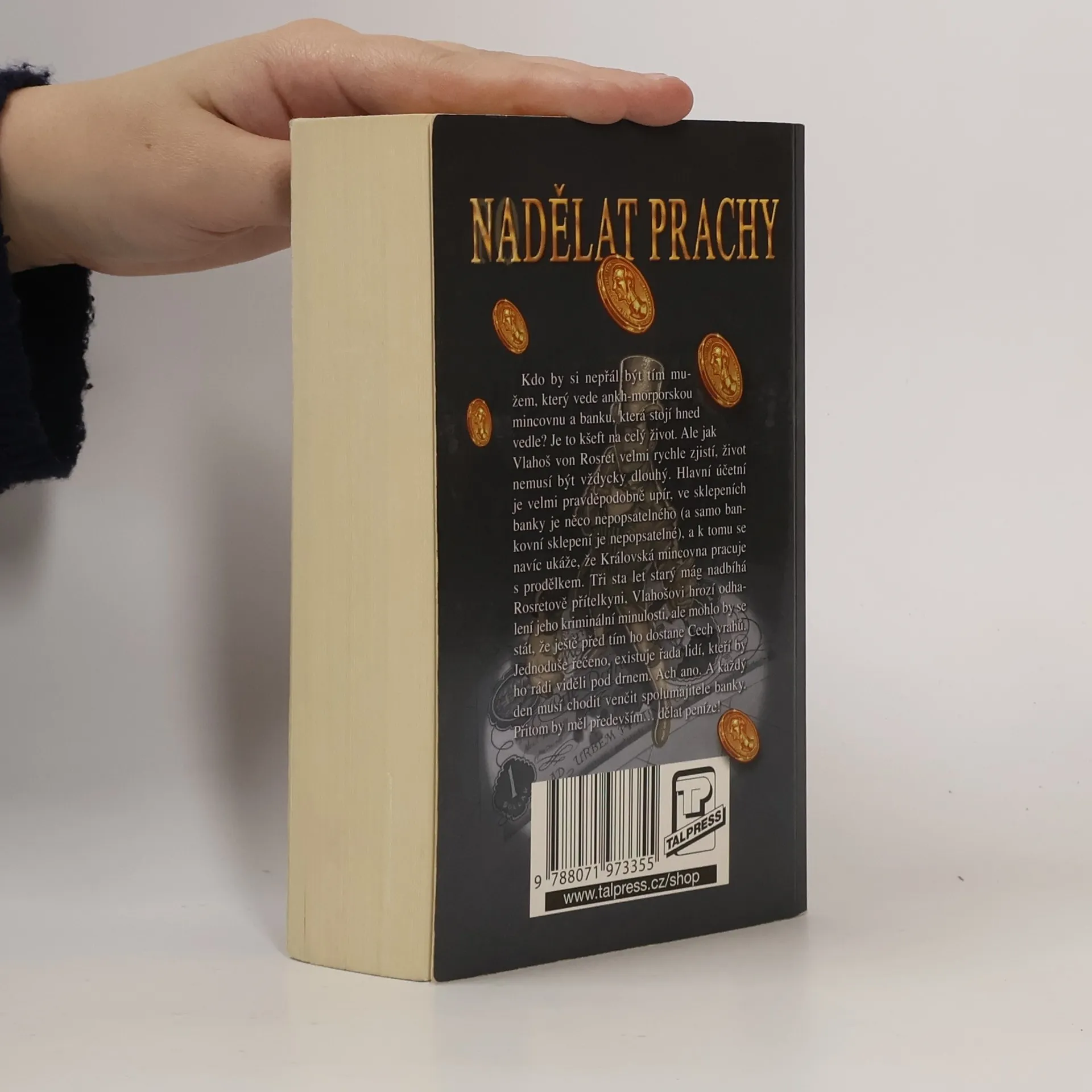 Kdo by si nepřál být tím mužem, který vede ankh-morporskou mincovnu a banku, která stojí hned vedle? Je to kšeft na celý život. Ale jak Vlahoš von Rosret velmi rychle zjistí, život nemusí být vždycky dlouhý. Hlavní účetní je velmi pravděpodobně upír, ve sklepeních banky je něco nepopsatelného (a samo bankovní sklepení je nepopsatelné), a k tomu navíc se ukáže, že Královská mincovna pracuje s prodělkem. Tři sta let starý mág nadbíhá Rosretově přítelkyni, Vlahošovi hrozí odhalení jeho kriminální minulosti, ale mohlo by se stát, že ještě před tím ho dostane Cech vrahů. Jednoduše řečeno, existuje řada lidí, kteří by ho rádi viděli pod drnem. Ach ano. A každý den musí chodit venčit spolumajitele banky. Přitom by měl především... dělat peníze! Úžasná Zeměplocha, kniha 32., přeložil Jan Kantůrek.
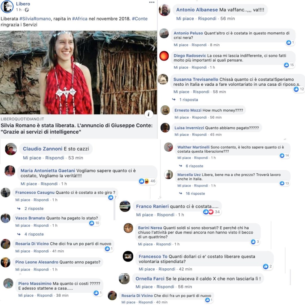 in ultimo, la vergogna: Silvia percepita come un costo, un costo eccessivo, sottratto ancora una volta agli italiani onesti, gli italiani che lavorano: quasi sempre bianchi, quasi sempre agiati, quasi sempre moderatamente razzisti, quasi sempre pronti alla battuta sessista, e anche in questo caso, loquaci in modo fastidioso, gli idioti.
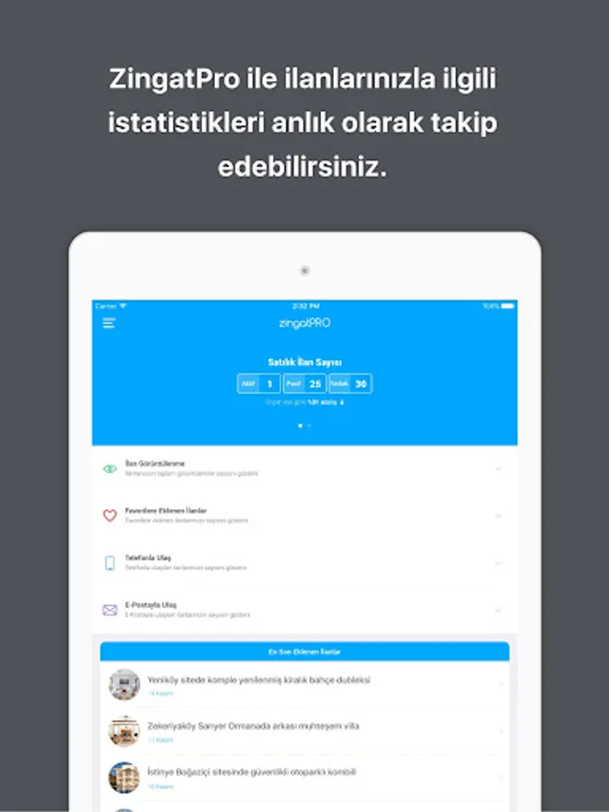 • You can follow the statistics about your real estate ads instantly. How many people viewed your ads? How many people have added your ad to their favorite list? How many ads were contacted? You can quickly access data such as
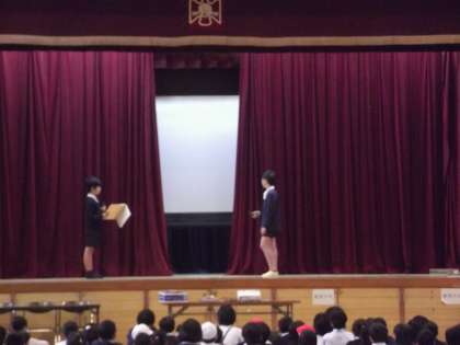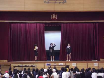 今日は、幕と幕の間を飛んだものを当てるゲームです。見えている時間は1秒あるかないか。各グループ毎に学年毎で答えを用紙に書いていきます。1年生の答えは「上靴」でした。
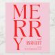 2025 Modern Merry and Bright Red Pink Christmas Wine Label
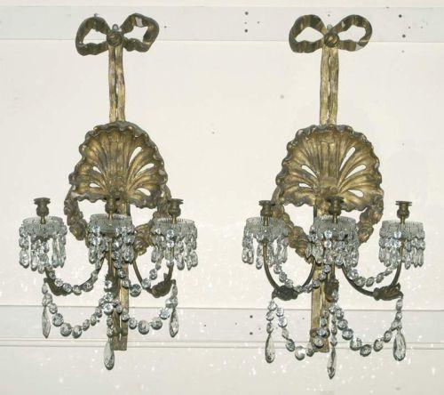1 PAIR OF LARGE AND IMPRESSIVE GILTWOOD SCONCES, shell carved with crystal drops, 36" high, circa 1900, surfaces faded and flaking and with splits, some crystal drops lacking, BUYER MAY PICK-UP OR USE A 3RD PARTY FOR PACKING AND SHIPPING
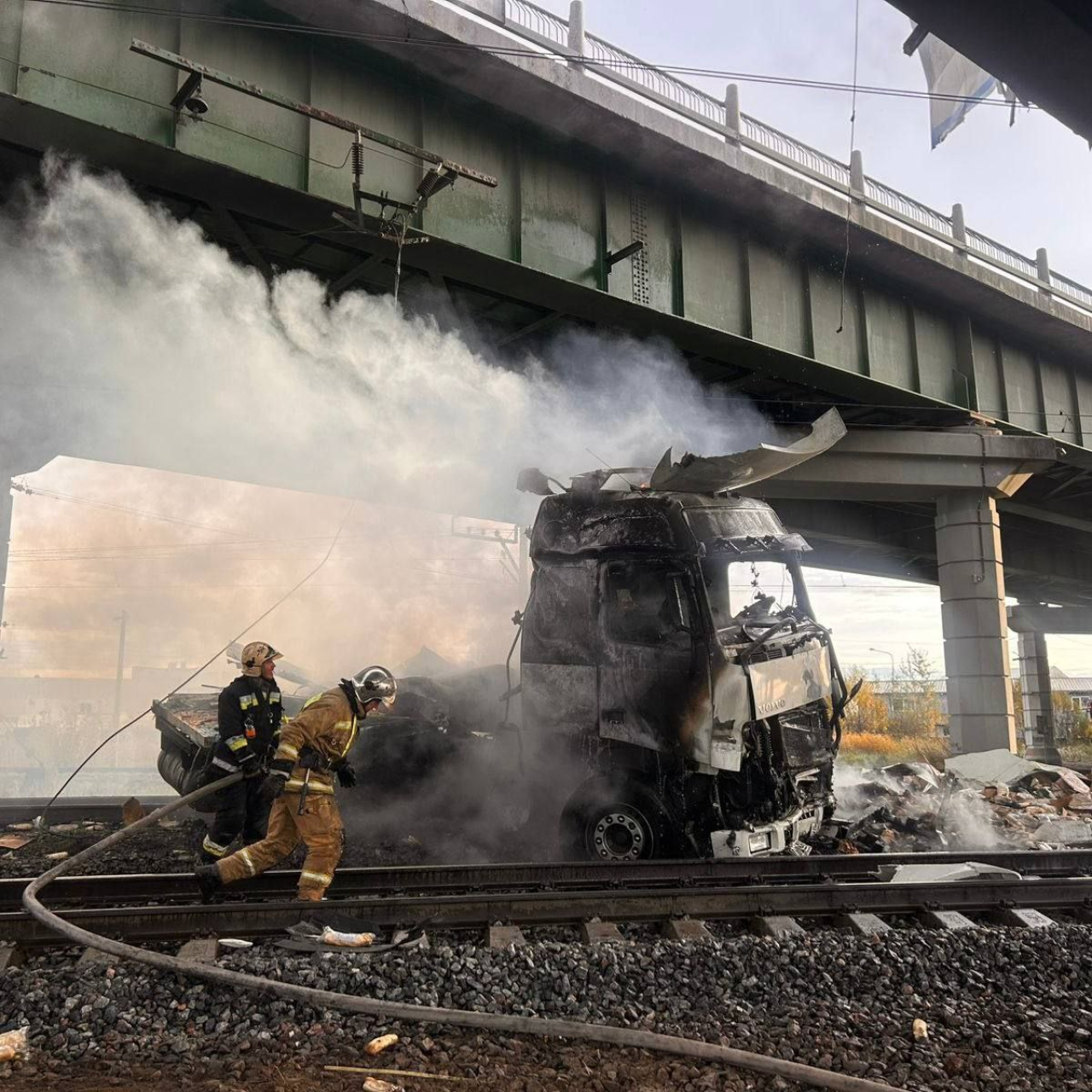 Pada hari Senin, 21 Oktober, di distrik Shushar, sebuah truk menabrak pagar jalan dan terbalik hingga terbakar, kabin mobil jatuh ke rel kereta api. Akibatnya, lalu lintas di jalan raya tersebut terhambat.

═══

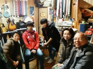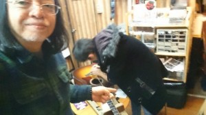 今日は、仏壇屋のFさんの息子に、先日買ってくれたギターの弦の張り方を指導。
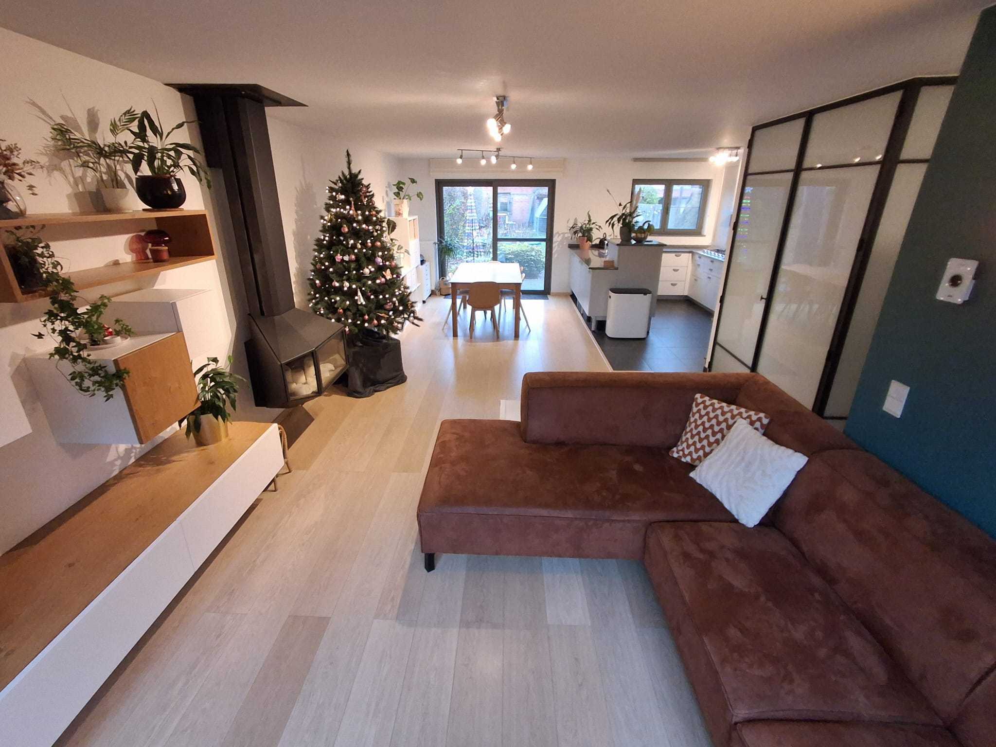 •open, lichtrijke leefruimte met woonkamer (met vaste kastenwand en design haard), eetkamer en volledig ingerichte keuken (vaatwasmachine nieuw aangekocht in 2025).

═══

▶ What is expected: The line holding "in ultimo, la" starts the copy and the line holding "1 PAIR OF LARGE" ends it. Repeat those two lines above and all between them exactly, leaving out pictures.

▶ Solution for this task:
 in ultimo, la vergogna: Silvia percepita come un costo, un costo eccessivo, sottratto ancora una volta agli italiani onesti, gli italiani che lavorano: quasi sempre bianchi, quasi sempre agiati, quasi sempre moderatamente razzisti, quasi sempre pronti alla battuta sessista, e anche in questo caso, loquaci in modo fastidioso, gli idioti.
 • You can follow the statistics about your real estate ads instantly. How many people viewed your ads? How many people have added your ad to their favorite list? How many ads were contacted? You can quickly access data such as
 今日は、幕と幕の間を飛んだものを当てるゲームです。見えている時間は1秒あるかないか。各グループ毎に学年毎で答えを用紙に書いていきます。1年生の答えは「上靴」でした。
 2025 Modern Merry and Bright Red Pink Christmas Wine Label
1 PAIR OF LARGE AND IMPRESSIVE GILTWOOD SCONCES, shell carved with crystal drops, 36" high, circa 1900, surfaces faded and flaking and with splits, some crystal drops lacking, BUYER MAY PICK-UP OR USE A 3RD PARTY FOR PACKING AND SHIPPING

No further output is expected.